Assigned task: Would you please copy only the lines from the line that contains "Sukulent u dekorativnoj keramičkoj saksiji." to the end of the data below, exactly, leaving every picture out?

Data provided:
- - -
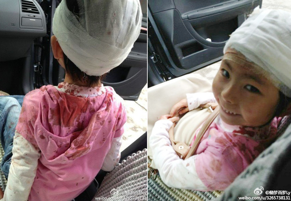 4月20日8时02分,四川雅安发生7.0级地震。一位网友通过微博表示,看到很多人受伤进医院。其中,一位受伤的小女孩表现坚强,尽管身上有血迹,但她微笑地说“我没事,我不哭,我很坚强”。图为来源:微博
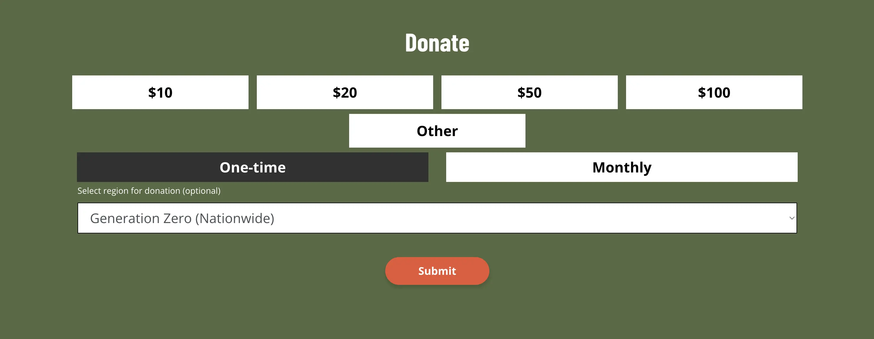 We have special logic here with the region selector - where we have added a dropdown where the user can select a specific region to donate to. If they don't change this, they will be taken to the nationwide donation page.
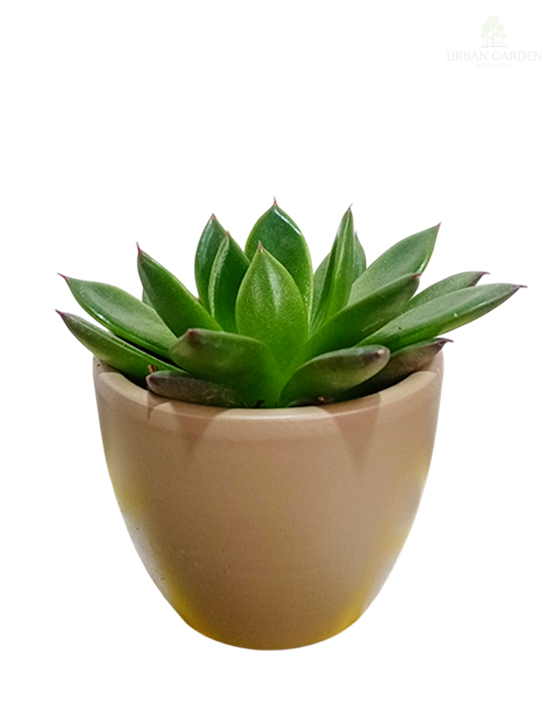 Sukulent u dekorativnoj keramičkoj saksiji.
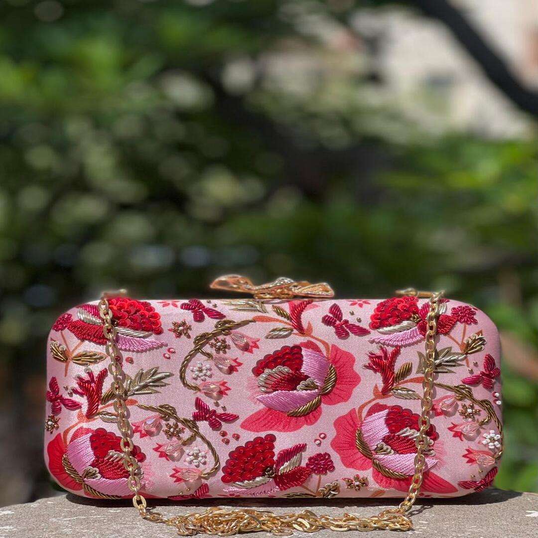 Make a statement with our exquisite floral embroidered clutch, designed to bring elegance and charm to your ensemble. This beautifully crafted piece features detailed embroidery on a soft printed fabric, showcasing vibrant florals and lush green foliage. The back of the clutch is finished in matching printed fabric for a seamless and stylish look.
- - -
Written reply:
 Sukulent u dekorativnoj keramičkoj saksiji.
 Make a statement with our exquisite floral embroidered clutch, designed to bring elegance and charm to your ensemble. This beautifully crafted piece features detailed embroidery on a soft printed fabric, showcasing vibrant florals and lush green foliage. The back of the clutch is finished in matching printed fabric for a seamless and stylish look.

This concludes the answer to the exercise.